Convert column names to title case [duplicate]
I'm working on a Rmd which will be turned into a html report using kintr. I imported data from an xls, used clean_names() for the column names, and finished the manipulations. This is a sample of the data:
df <- data.frame(precinct = c("a_b_c", "b_c_d", "e_f_g"), steve_alpha = c(309, 337, 294), mike_bravo = c(120, 151, 240), allan_charlie = c(379, 442, 597))
Now I want to present the data aesthetically in a table using kable() but the column names and the contents of the "precinct" column need to be in title case. Is there a function that will do this all at once?
Solution 1:
There are a couple wrinkles here. First, I'm interpreting title case as meaning each word starts with a capital letter, and underscores are replaced by spaces. Second, some solutions will work on the data frame's names but not on the precinct column, because tools::toTitleCase
, which underlies some other functions including the snakecase
that I initially suggested, assumes that a single letter shouldn't be capitalized.
snakecase::to_title_case(names(df))
#> [1] "Precinct" "Steve Alpha" "Mike Bravo" "Allan Charlie"
snakecase::to_title_case(df$precinct, sep_out = " ", sep_in = "_")
#> [1] "A b c" "B c d" "E f g"
That seems like not the correct outcome for precincts. Knowing that every precinct has only single-letter words, you could just replace the underscores and then convert to all caps, but that won't hold for any other words. Alternatively, stringr::str_to_title
doesn't keep single-letter words lowercase, so do the replacement and then pass to that.
stringr::str_to_title(stringr::str_replace_all(df$precinct, "_", " "))
#> [1] "A B C" "B C D" "E F G"
I mentioned in a comment having made a similar function for a package at work, which handles a variety of cases and which people should feel free to copy. This is a greatly pared down version that replaces underscores, then converts any lowercase letter at the start of a word with its uppercase counterpart, so it will work on both instances.

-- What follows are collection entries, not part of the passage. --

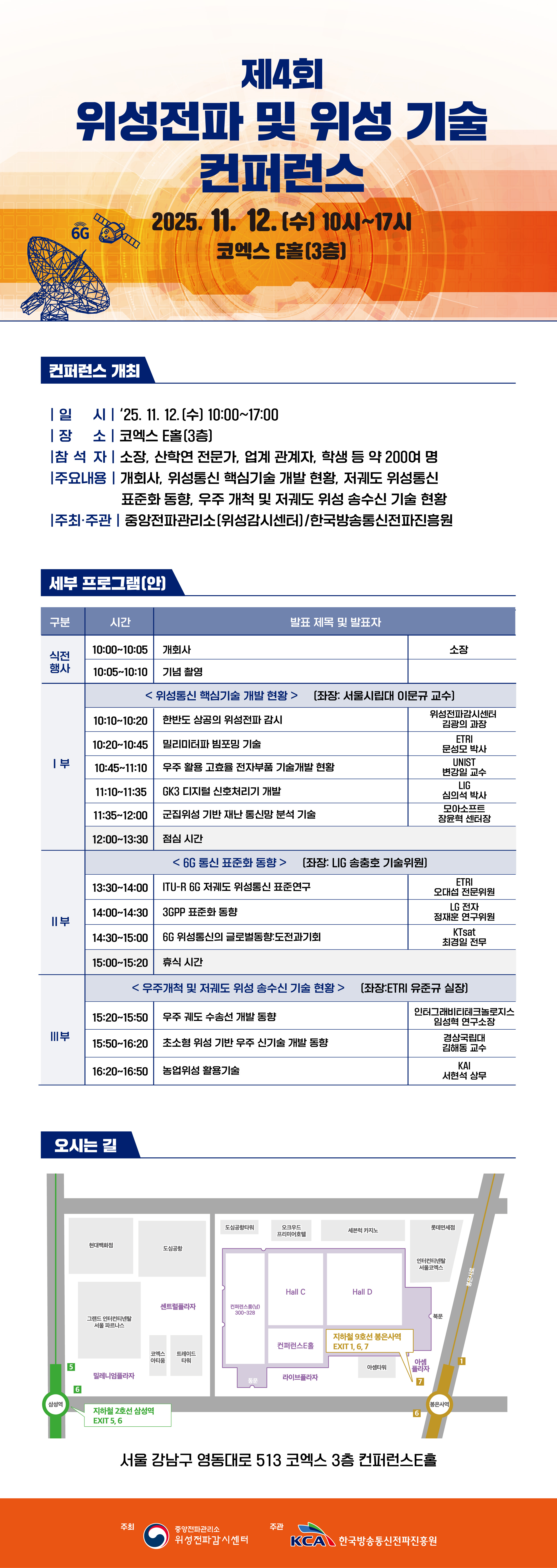 저궤도 위성통신 서비스 도입 등 6G 표준 기술 기반 개발에 따른 위성통신 산업 활성화를 위한 「제4회 위성전파 및 위성 기술 컨퍼런스」를 다음과 같이 개최하오니 홈페이지를 통한 홍보 및 참여 부탁드립니다.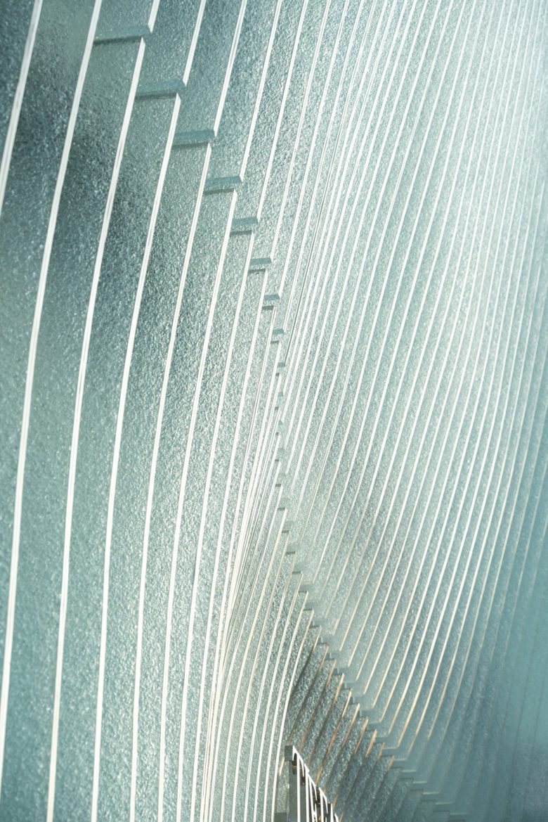 At night, the glass – already carefully selected for its natural blue tone – is illuminated in Tiffany & Co.’s iconic Tiffany Blue®, giving the store a diffuse glow. To ensure an elegant appearance, lighting modules are built directly into the specially designed brackets that hold the glass fins, minimising the presence of hardware that might distract from the subtle light effects created by the glass.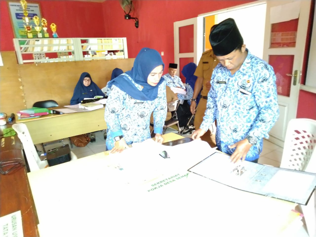 Setelah materi Camat selesai, Tim langsung bekerja dengan mengumpulkan dan menanayakan para Aparatur Desa yang sudah siap dengan laporannya, sesuai dengan tugas dan tanggung jawab pada masing-masing Seksi, serta memberikan bimbingan jika terdapat hal-hal yang dianggap kurang dalam sistem Penatausahaan Adminstrasi Keuangan maupun Administrasi Perkantoran lainnya.

clean_titles <- function(x) {
x <- gsub("_", " ", x)
x <- gsub("\\b([a-z])", "\\U\\1", x, perl = TRUE)
x
}
clean_titles(names(df))
#> [1] "Precinct" "Steve Alpha" "Mike Bravo" "Allan Charlie"
clean_titles(df$precinct)
#> [1] "A B C" "B C D" "E F G"
Finally, because you have a function that does this, you can use it in both dplyr::mutate
to change that one column, and in dplyr::rename_with
to change all column names.
library(dplyr)
df %>%
mutate(precinct = clean_titles(precinct)) %>%
rename_with(clean_titles)
#> Precinct Steve Alpha Mike Bravo Allan Charlie
#> 1 A B C 309 120 379
#> 2 B C D 337 151 442
#> 3 E F G 294 240 597
Solution 2:
Can't this be done with pure regex, just passing perl = TRUE
to gsub
and using the \U
modifier?
gsub("(^|_)([[:alpha:]])", "\\1\\U\\2", names(df), perl = TRUE)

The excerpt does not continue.